* [Directions for this task]:
Below are the entries; transcribe them exactly and drop every picture.

* [Data records]:
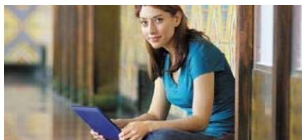
Las españolas ligan más por Internet que las británicas y francesas EUROPA PRESS

Un estudio realizado por la compañía Mobifriends, un servicio para conocer gente nueva a través de la Red, establece que actualmente "la mujer española ha evolucionado tanto que también lo ha hecho en la manera de relacionarse y buscar pareja".
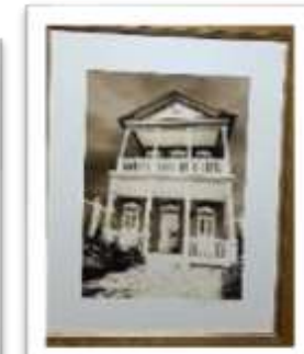
MYE-009543 AUTOR: CESAR PAYAMPS RD$5,000.00
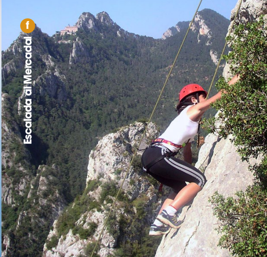
Escalada al Mercadal f
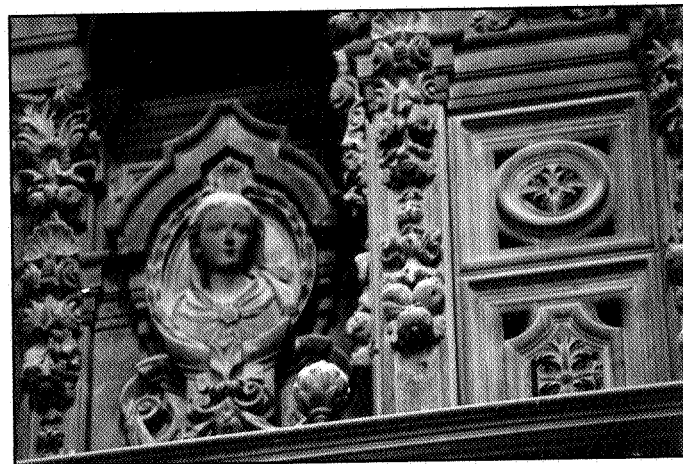
Fig. 2. Detalle de uno de los medallones que decoran los laterales del segundo cuerpo de la fachada externa del órgano del Evangelio.

La decoración del segundo cuerpo se realiza con casetones decorados con motivos vegetales y 4 medallones con bustos de santas mayores que el natural, situados en las calles laterales (Fig. 2) donde también resalta la balconada central sostenida por dos telamones cada una, rematándose con un medallón cuyo personaje no puede identificarse por estar
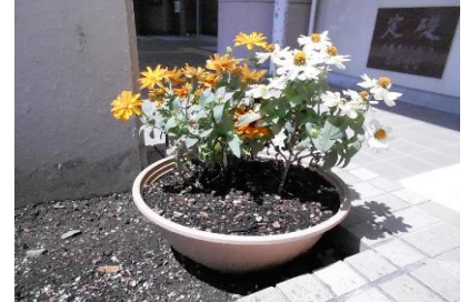
ジニアプロフェーション

まだ暑さが落ち着かないような気温ですが、皆さんいかがお過ごしでしょうか？戸倉公民館では玄関前の花壇を植え替えました。日々草とジニアプロフェーションという花を植え、玄関がまた華やかになりました。これからも、季節に応じて花壇の植え替えをしていきますので、おすすめのお花があれば是非教えてください。また、戸倉公民館にも是非お立ち寄りください。お待ちしております。
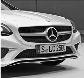
Diamantgrill schwarz mit Lamelle in Iridiumsilber und Chromauflage
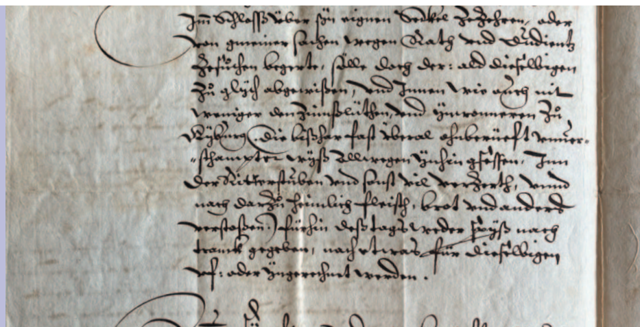
StAZH B VII 21.87 Nr. 78: Ausschnitt aus dem Reformprojekt des Grossen Brauchs von 1628, wo die unverschämten Einwohner von Kyburg erwähnt sind.

bißhar fast vberal ohnberüeft vnverschämpter wyß [unverschämterweise] Allwegen ynhin gessen, Inn der Ritterstuben vnd sonst vil verzerth, vnnd nach darzu heimlich Fleisch, brot vnd anders verstoßen [d.h. gestohlen] 25 26
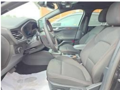
Imagen - 13
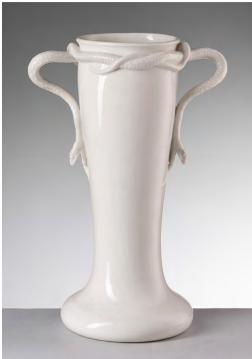
Fig. 4 Società Ceramica Richard-Ginori, Vaso con anse serpentiformi (mod. 112), 1902 circa, porcellana, Sesto Fiorentino, Museo Ginori

aggiornando e alleggerendo un modus operandi che aveva già avuto ampia diffusione in epoca rinascimentale e conseguente ripresa in fase storicista per adattarlo ai nuovi dettami del gusto modernista, ricorrendo a linee più essenziali e sinuose (fig. 4).
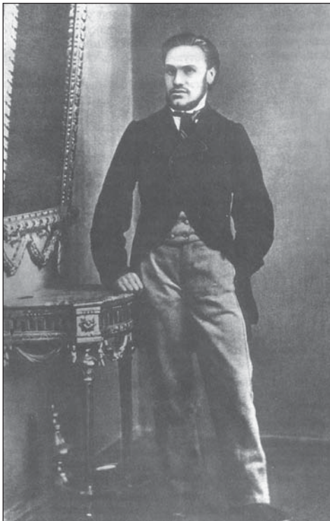
Гэты партрэт Кастуся Каліноўскага зрабіў у 1862г. яго папалечнік Ахіл Барнольдзі.

* [Answer to this exercise]:
Las españolas ligan más por Internet que las británicas y francesas EUROPA PRESS

Un estudio realizado por la compañía Mobifriends, un servicio para conocer gente nueva a través de la Red, establece que actualmente "la mujer española ha evolucionado tanto que también lo ha hecho en la manera de relacionarse y buscar pareja".
MYE-009543 AUTOR: CESAR PAYAMPS RD$5,000.00
Escalada al Mercadal f
Fig. 2. Detalle de uno de los medallones que decoran los laterales del segundo cuerpo de la fachada externa del órgano del Evangelio.

La decoración del segundo cuerpo se realiza con casetones decorados con motivos vegetales y 4 medallones con bustos de santas mayores que el natural, situados en las calles laterales (Fig. 2) donde también resalta la balconada central sostenida por dos telamones cada una, rematándose con un medallón cuyo personaje no puede identificarse por estar
ジニアプロフェーション

まだ暑さが落ち着かないような気温ですが、皆さんいかがお過ごしでしょうか？戸倉公民館では玄関前の花壇を植え替えました。日々草とジニアプロフェーションという花を植え、玄関がまた華やかになりました。これからも、季節に応じて花壇の植え替えをしていきますので、おすすめのお花があれば是非教えてください。また、戸倉公民館にも是非お立ち寄りください。お待ちしております。
Diamantgrill schwarz mit Lamelle in Iridiumsilber und Chromauflage
StAZH B VII 21.87 Nr. 78: Ausschnitt aus dem Reformprojekt des Grossen Brauchs von 1628, wo die unverschämten Einwohner von Kyburg erwähnt sind.

bißhar fast vberal ohnberüeft vnverschämpter wyß [unverschämterweise] Allwegen ynhin gessen, Inn der Ritterstuben vnd sonst vil verzerth, vnnd nach darzu heimlich Fleisch, brot vnd anders verstoßen [d.h. gestohlen] 25 26
Imagen - 13
Fig. 4 Società Ceramica Richard-Ginori, Vaso con anse serpentiformi (mod. 112), 1902 circa, porcellana, Sesto Fiorentino, Museo Ginori

aggiornando e alleggerendo un modus operandi che aveva già avuto ampia diffusione in epoca rinascimentale e conseguente ripresa in fase storicista per adattarlo ai nuovi dettami del gusto modernista, ricorrendo a linee più essenziali e sinuose (fig. 4).
Гэты партрэт Кастуся Каліноўскага зрабіў у 1862г. яго папалечнік Ахіл Барнольдзі.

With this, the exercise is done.